TASK DESCRIPTION.
Using the listing below, set down exactly the lines starting at the line that contains "Vidro de cosméticos" and ending at the line that contains "4. Budowa koszar", both included, and no others.

DATA PROVIDED: Begin

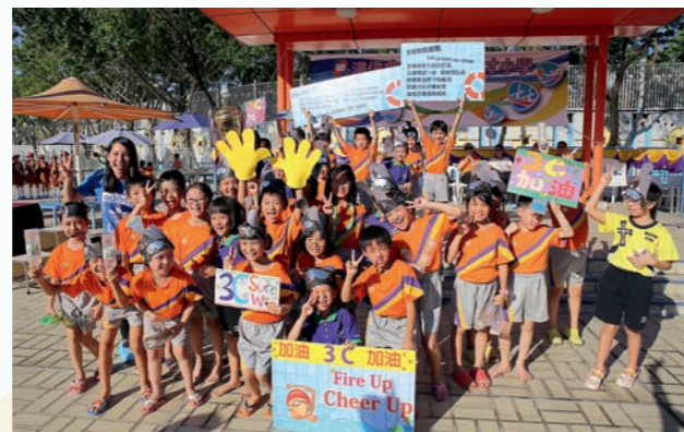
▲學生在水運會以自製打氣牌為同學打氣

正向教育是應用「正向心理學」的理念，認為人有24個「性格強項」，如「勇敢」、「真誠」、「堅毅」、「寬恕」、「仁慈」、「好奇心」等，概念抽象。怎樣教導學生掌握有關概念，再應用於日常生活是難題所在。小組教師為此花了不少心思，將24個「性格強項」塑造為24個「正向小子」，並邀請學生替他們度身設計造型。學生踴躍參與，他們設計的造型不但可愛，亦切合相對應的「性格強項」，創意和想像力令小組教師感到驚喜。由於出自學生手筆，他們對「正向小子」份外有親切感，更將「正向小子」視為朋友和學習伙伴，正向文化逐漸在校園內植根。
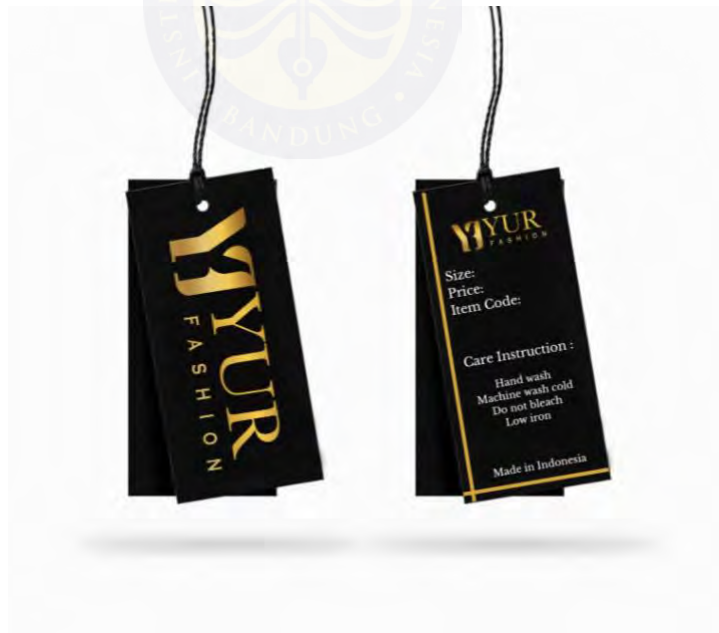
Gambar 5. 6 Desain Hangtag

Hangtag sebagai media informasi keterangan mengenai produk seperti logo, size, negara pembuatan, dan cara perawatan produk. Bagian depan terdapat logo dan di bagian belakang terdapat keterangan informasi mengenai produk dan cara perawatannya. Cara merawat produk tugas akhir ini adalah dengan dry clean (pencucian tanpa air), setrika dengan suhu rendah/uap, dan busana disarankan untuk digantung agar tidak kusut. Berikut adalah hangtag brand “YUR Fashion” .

DATA PROVIDED: End
DATA PROVIDED: Begin

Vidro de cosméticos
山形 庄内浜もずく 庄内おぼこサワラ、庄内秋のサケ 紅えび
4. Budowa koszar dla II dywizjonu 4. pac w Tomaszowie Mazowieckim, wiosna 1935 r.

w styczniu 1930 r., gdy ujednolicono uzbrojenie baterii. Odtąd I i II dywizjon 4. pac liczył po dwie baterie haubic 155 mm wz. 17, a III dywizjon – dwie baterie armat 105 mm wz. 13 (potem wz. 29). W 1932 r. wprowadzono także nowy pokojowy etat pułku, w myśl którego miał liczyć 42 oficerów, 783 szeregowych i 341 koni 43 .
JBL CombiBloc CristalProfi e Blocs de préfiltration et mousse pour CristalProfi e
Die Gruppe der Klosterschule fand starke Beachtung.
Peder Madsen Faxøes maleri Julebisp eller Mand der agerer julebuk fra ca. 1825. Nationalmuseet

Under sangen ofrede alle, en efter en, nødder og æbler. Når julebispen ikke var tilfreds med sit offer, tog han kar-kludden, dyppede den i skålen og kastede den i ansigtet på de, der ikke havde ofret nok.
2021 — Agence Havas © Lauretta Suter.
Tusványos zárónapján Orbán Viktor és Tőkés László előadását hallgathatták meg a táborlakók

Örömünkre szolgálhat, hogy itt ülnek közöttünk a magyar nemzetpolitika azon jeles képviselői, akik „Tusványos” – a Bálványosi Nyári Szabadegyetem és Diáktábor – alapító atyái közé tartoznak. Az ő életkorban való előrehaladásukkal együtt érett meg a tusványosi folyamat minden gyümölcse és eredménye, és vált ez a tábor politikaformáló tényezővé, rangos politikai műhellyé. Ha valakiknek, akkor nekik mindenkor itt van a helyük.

DATA PROVIDED: End

FINISHED TASK.
Vidro de cosméticos
山形 庄内浜もずく 庄内おぼこサワラ、庄内秋のサケ 紅えび
4. Budowa koszar dla II dywizjonu 4. pac w Tomaszowie Mazowieckim, wiosna 1935 r.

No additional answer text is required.